Meeting Current And Future Skills Needs - Business Media MAGS

Sunday Times Skills PR

Meeting Current And Future Skills Needs

Even before the global coronavirus pandemic, the world was changing at an unprecedented rate.

New technologies have changed how we live and work, and government, corporates and individuals are all trying to find their own paths through the changes the 4thIndustrial Revolution (4IR) is bringing.

From initiatives such as broad re-skilling programmes for current staff to technology training programmes, an increasing number of organisations have made skills development a priority. However, while companies are trying to navigate the technology-driven demands of the 4IR, the far-reaching consequences of Covid-19 are making themselves felt in the worst economic downturn since the Great Depression.

Even before this crisis, many young South Africans had little hope of entering the job market at all, much less holding positions that require an understanding of Artificial Intelligence (AI) and other 4IR technologies, says Johan Engelbrecht, Group CEO at Atvance Academy.

“We should not lose sight of the current economic reality in the push towards the future of work. Despite South Africa spending more than 6% of GDP on education, about half of learners drop out before completing high school. Fewer than 5% who start primary school end up with a university qualification. These young people are already struggling to find work, and as the 4IR continues to gain momentum in the wake of the remote working trend Covid-19 forced on us, they will fall further and further behind,” he says.

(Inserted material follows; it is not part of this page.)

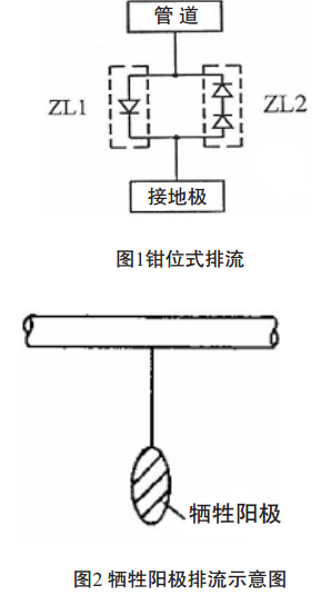 如果將排流接地體直接與管道連接, 由于接地電阻很小, 保護(hù)電流流失, 相當(dāng)大面積的防腐層破壞陰極保護(hù)電流量增加, 以致破壞陰極保護(hù)正常運(yùn)行, 所以需要增加排流節(jié)。 排流節(jié)排流又分為電容排流二極管排流和鉗位式排流, 通常采用鉗位式排流。

“Many corporates have created training programmes to help fill the gap, but the youth still make up 63,4% of the total number of unemployed people in this country. We need to make a concerted effort to work together to solve this challenge.”

This was highlighted by President Cyril Ramaphosa in his State of the Nation address, when he said: “The government cannot solve our economic challenges alone. Even if we were to marshal every single resource at our disposal and engage on a huge expenditure of public funds, we will not alone be able to guarantee employment to the millions of people who are today out of work.”

Engelbrecht points out that in addition to employer efforts, institutions such as community colleges and vocational schools remain a key avenue to providing access to high-quality jobs. “A number of successful partnerships are underway between community college systems and local employers to ensure that curricula are tailored to current and future workplace needs and that students preparing to enter the workforce have access to employers who value the skills they are building.”

Among these is the work that Atvance Academy is doing. Partnering with South African corporates, Atvance Academy has built campuses across the country to upskill South Africa’s youth, with a particular focus on scarce skills. More than 30 000 learners a month attend Atvance Academy’s SAQA-accredited training programmes, at no cost to them.

“Our methodology is proving immensely successful. We now have over 170 campuses – all based in the areas where the learners need them – and have helped thousands of young people find work. We work closely with the communities we operate in, partnering with community leaders, community centres, libraries and schools to empower and educate – and uplift the community as a whole,” explains Engelbrecht.

“These social partnerships are only one half of the equation. We also partner with companies that are proactively looking to make a difference. These partnerships enable us to provide free education to those that need it the most, while at the same time helping them meet their preferential procurement, skills development and socio-economic development B-BBEEE objectives. By encouraging the development of solutions that benefit the youth and corporates alike, we are proud to be helping create a better South Africa.”